The view from Washington

— The U.S. Postal Service must prioritize election mail and immediately reverse changes that resulted in widespread delays in California and several other states, a federal judge ruled Monday.

— On the healthcare beat, Noam Levey reports that U.S. employers are increasingly open to a bigger government role in healthcare, including regulating prices and expanding Medicare to more working Americans.
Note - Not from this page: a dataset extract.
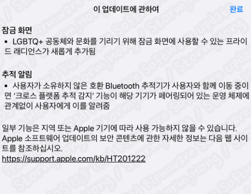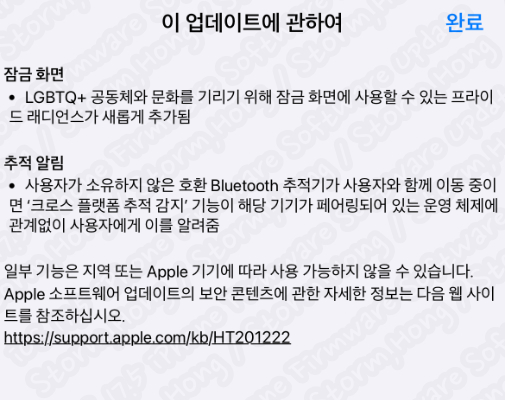 애플 보안 사이트 문서의 내용은 Apple은 고객 보호를 위해 보안 문제에 관한 조사를 마치고 패치 또는 출시 버전을 일반에 공개할 수 있을 때까지는 보안 문제를 공개하거나, 논의하거나, 확인해 주지 않습니다. 이 문서에는 최신 출시 버전이 나와 있습니다. 이를 통해 자신에 맞는 기기 업데이트 버전 설명 찾아보시기 바랍니다.

— The Trump administration is strengthening U.S. military and diplomatic ties with Greece. Tracy Wilkinson writes that it’s an unsubtle warning to Turkey, which is taking on what U.S. officials see as a more combative role in the eastern Mediterranean and Middle East.

What’s happening in California

— Detainees at California’s for-profit ICE detention centers will soon be able to sue over abuse and harm after Gov. Gavin Newsom signed a bill backed by immigrant-rights advocates, writes Times immigration reporter Andrea Castillo.

— A new poll from UC Berkeley finds Newsom’s response to the pandemic has put him in the good graces of California voters, with an approval rating among the highest of any governor in the last 50 years at the same point in office. But he’s also facing intense dissatisfaction over his handling of homelessness and housing costs, Phil Willon writes.

— Newsom vetoed a bill that would have authorized California to give low-income immigrants $600 to buy groceries. He said he could not sign it because of its “significant General Fund impact.”